Eva me chamaste

Fizeste das minhas costas o teu piano

Dos teus desenhos as minhas curvas

Da minha boca a tua maçã

Dos meus olhos o teu mar

Do meu mundo os teus braços


(...)

19 abril 2015

Acordei durante a noite, umas duas ou três vezes, a chorar com um sonho que não me largava. Até a dormir a morte não me larga nem morre, não se enterra de vez. E era isso mesmo: enterrar a morte. Deixá-la num sítio, longe, onde se possa não ir. Caixão aberto há dias, a cor da morte, marmórea, a envelhecer, a desbotar, apodrecida. E eu só dizia que temos de fechar o caixão e enterrar, deixar a morte morrer, e não definhar-nos. E chorava, e acordava, e adormecia e tudo na mesma. Finalmente resolvi não dormir mais e fiquei a pensar no sonho. Temos de deixar a morte morrer, enterrá-la num sítio onde possamos escolher não ir; senão a morte, todas as mortes, acabam por apodrecer-nos, de dentro para fora. Fiquei a pensar que há mortes que não consigo enterrar longe, enterraram-se-me por baixo da pele, das unhas que esgravatam a vida, e mortas, definham lentamente toda a vida.
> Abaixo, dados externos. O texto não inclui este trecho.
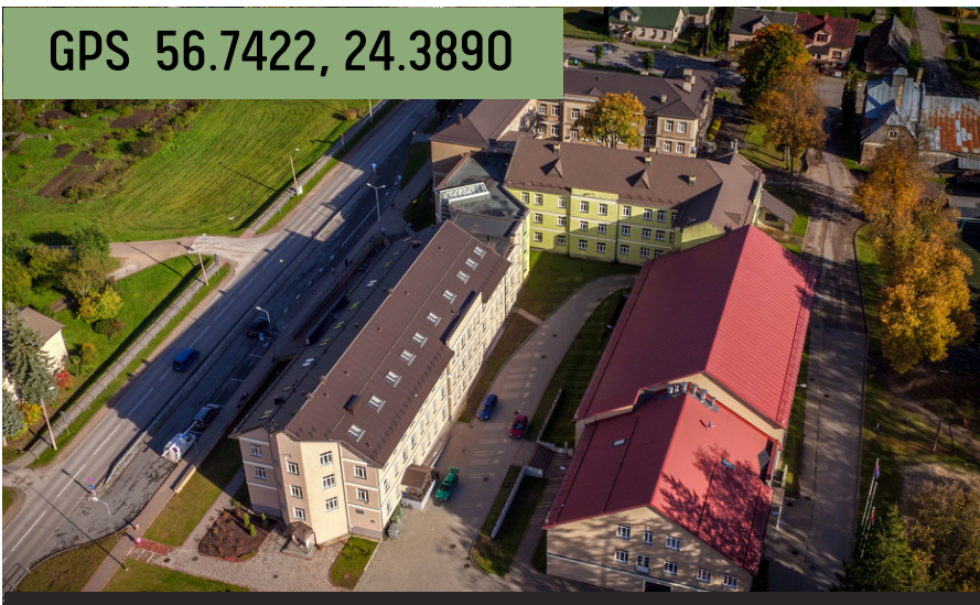
Sākums / Sports Baldonē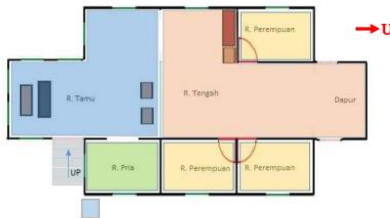
Gambar 3. Pembagian Area Rumah Tuan Kadi - Awal (Dokumen Pribadi)

Perubahan fungsi rumah mulai terjadi pada tahun 1928, rumah ini diambil alih oleh pihak Belanda sebagai salah satu kantor. Bagian yang mengalami perubahan yakni tangga yang dibangun dengan ukiran keterangan tulisan angka yang merupakan tanggal pembuatan tangga pada sisi kanan yakni "23:7" dan "PKB" yang merupakan tanggal dan bulannya serta penanda wilayah bangunan berada di Kota Pekanbaru. Lalu pada sisi kiri tangga terdapat ukiran tulisan "1928" yakni tahun tangga dibangun. Terdapat enam anak tangga yang jika dihubungkan dengan nilai keislaman yakni perlambangan jumlah rukun iman.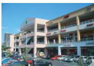
フォレストモール南大沢

全国のフォレストモールで催事スペースをご用意しております。(クリックすると各施設ホームページに移動します)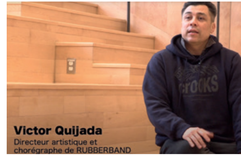
Victor Quijada Directeur artistique et chorégraphe de RUBBERBAND

Trois ateliers, et autant de rencontres après les spectacles, ont été proposés gratuitement aux familles présentes lors des représentations. La diversité de la programmation était également reflétée dans les ateliers : un atelier de création et composition avec Arthur l'Aventurier, un atelier de confection et de manipulation de marionnettes avec Puzzle théâtre et un atelier de cirque, en mouvement, par la compagnie Les Parfaits Inconnus.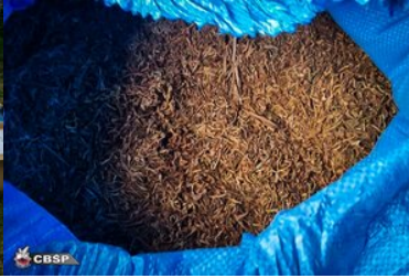
Wspolpraca sluzb 2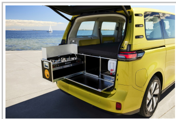
VW ID Buzz mit Campingbox von Ququq.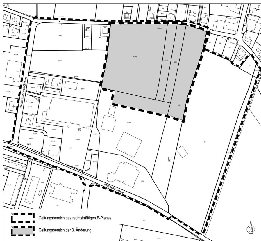
Anlage 1 zur BVL-17/0725-61.1 (B-Plan: Stadtverwaltung)

2. Die Aufstellung des Bebauungsplanes Nr. 4.3 „3. Änderung des Bebauungs-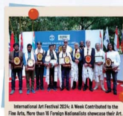
International Art Festival 2024: A Week Contributed to the Fine Arts, More than 16 Foreign Nationalists showcase their Art.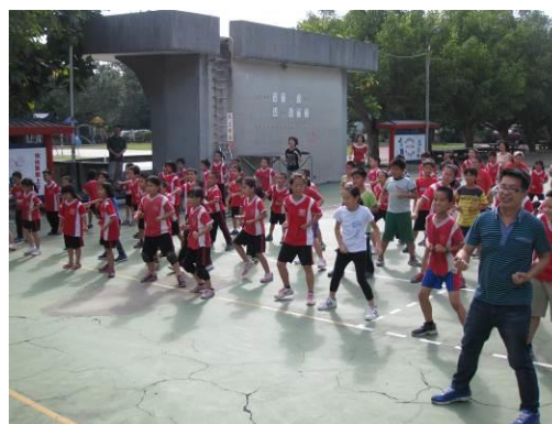
說明：課間活動護眼操。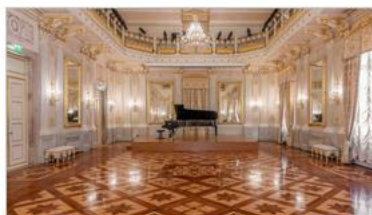
Teatro La Fenice di Venezia: le Sale Apollinee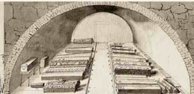
Kurzemes hercogu kapenes vecajā pīlī, 18. gs. 30. gadi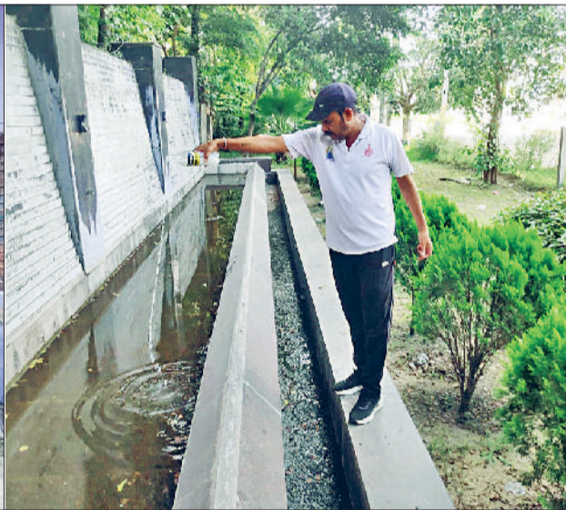
रेवाड़ी। पानी की खेल में दवा डालते स्वास्थ्यकर्मी।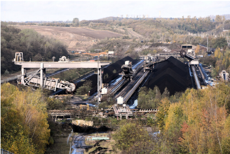
Tagebau Fortuna: Kohlebunker Fortuna mit Kohlevorratsgraben 908 (links) und Kohlenhalde 915 (rechts), Ansicht von Südosten; Foto: 09.11.2022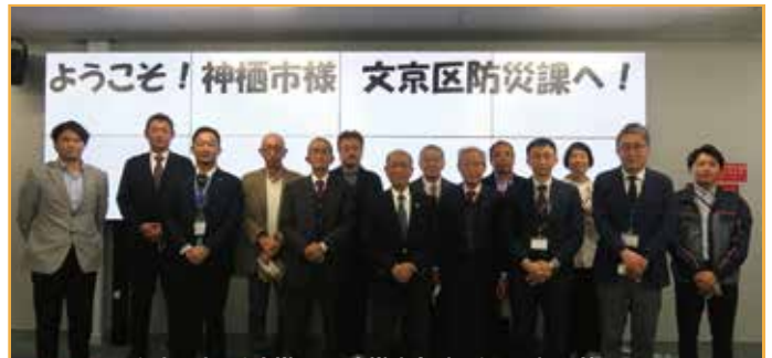
文京区役所防災課 防災本部大型モニター前で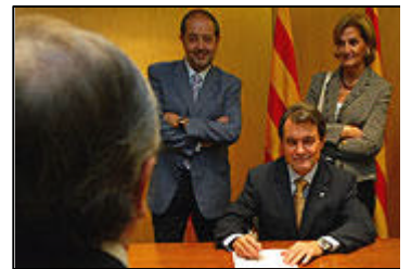
Contracte d'Artur Mas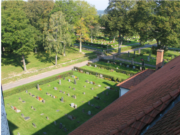
Kv A mot nordost. Strukturen är här synlig. I mitten syns delar av ett äldre linjegravsområde i gräsmattan. I kanterna och i den östra och västra delen finns familjegravar mot rygghäcken. (KI Söderåkra kyrkog 093)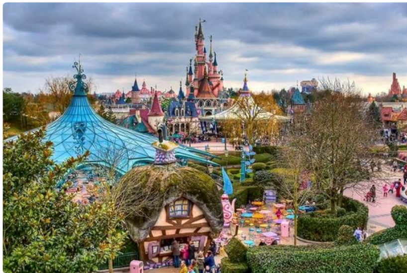
Pariisin Disneyland on Euroopan suosituin huvipuisto.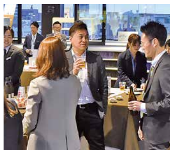
食事を楽しみながら会話がはずみ、店舗間の親睦も深まりました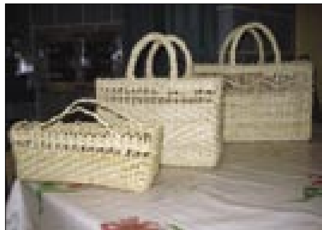
Lepau spleteni cejkri

»Velke cejkre, male cejkre, te za daritev cejker, stauce nutpletom, pa ešče papuče pletem.«

A que ainda há, a que houve, e a que posso ainda vir a ter e viver. Tenho de matar estas mortes e enterrá-las longe de mim, deixar ficar a vida que tiveram, que a morte pode levar, mas assim, com cores, com vida, não definhando em agonia os dias e as noites, e tudo o que podia brilhar no olhar posto no horizonte. Há mortes que tenho de enterrar de vez e desenterrar da pele.